Cul sec : Sexe, mensonges et vidéo
Cul sec laisse un goût âcre dans la bouche. Crue, violente, vulgaire et désespérée, cette pièce de François Archambault irrite autant qu’elle captive.
Crue, violente et désespérée, Cul sec laisse un goût âcre dans la bouche. Cette pièce de François Archambault irrite autant qu’elle captive. Car, à travers la nuit d’enfer de jeunes accros (au cul, à l’alcool et aux plaisirs), elle dépeint l’immense vide d’une société, handicapée autant du coeur que de l’âme, dont l’unique valeur est la consommation (de biens, de chair et de fantasmes).
Créée en 1995, par René Richard Cyr et le Théâtre Petit à Petit (PàP), Cul sec n’avait pas fait l’unanimité à l’époque. En misant sur une description hyperréaliste, sans psychologie ni action dramatique, François Archambault a commis quelques maladresses avec cette oeuvre de jeunesse. L’auteur semble se complaire dans la médiocrité intellectuelle et sentimentale de ses personnages. Il manque de recul, voire de regard critique, envers son sujet.

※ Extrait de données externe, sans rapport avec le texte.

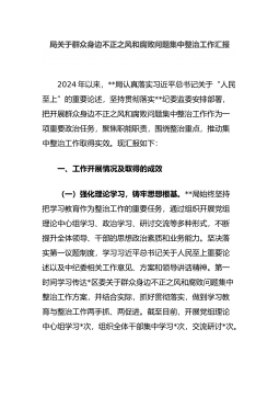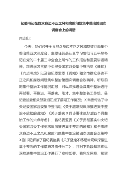 纪委书记在群众身边不正之风和腐败问题集中整治第四次调度会上的讲话同志们:今天,我们召开全县群众身边不正之风和腐败问题集中整治第四次调度会,主要任务是认真学习贯彻习近平总书记在党的二十届三中全会上所作的工作报告和重要讲话精神,跟进学习贯彻中央纪委国家监委集中整治组《通知》《六点考虑》以及省纪委监委《通知》和全市群众身边不正之风和腐败问题集中整治第四次调度会议精神,听取前期集中整治工

Six ans plus tard, le Théâtre En Marge présente à La Balustrade du Monument-National une reprise fort intéressante de Cul sec, dirigée par Patriq Chénier, avec une solide distribution de jeunes comédiens. À l’heure où la formule télévisuelle des reality shows fait un tabac en Europe et en Amérique du Nord, cette pièce (qui expose une tranche assez indigeste de la vie) prend ici un nouveau sens. En effet, ce théâtre s’inscrit dans la lignée des Loft Story, Big Brother et autres Lofters, dont le seul mérite est de nous faire miroiter que le 21e siècle sera l’âge d’or du narcissisme…
Très je-me-moi, les personnages amoraux de Cul sec – tous dans la vingtaine – sont fermés à la différence (sociale, sexuelle ou culturelle). Serge, Éric et les autres (sauf peut-être Michel) ne sont pas des êtres animés par des émotions: ils sont des machines qui baisent, boivent, sniffent… Ils ne se défoncent pas en réaction au puritanisme de leurs parents, ou pour masquer leur mal de vivre; ils se défoncent pour rien. Ils vivent dans l’urgence, mais sans but ni idéal, et encore moins de rêve.
L’absence de valeurs sur laquelle ces jeunes ont fondé leur existence est d’autant plus révoltante qu’elle ne provoque aucune prise de conscience. Les gars sont racistes, misogynes et ouvertement homophobes. Les filles sont vulgaires, désabusées et très profiteuses. Mais personne ne réagit à la haine et au mépris des uns et des autres. Cul sec est le cul-de-sac d’une génération gavée par la société de consommation, où tout s’achète et se vend… même les sentiments.
Pour sa première mise en scène professionnelle, Patriq Chénier a bien mené cette production, en coupant un peu dans le texte et en ajoutant un entracte. Le décor de la salle intime de La Balustrade joue avec le côté voyeur de la pièce. Le public, collé sur la scène représentant le salon de Serge (Luc Chapdelaine), peut aussi observer à travers une grande fenêtre la nuit tomber sur le centre-ville. L’utilisation (un peu trop discrète) de la vidéo, qui diffuse des extraits de la représentation, amplifie le côté "reality show théâtral".
La direction d’acteurs est assez bonne. Luc Chapdelaine (qui a défendu Yves dans Being at Home with Claude, l’automne dernier, à l’Espace Go) est une nature, comme on dit. Son jeu me semblait toutefois un peu figé par moments. Daniel Thomas (Deux Frères), que je voyais pour la première fois sur scène, incarne avec force Éric, ce macho devant l’Éternel. Par contraste, Danny Gagné, qui joue Michel, le plus straight du trio masculin, est juste assez sensible et candide. Chez les actrices, Julie Belley, Marie-Josée Lavoie et Nathalie Briard, s’en tirent toutes très bien.
Voilà donc une production qui, sans grands moyens, nous propose du théâtre de qualité et très pertinent.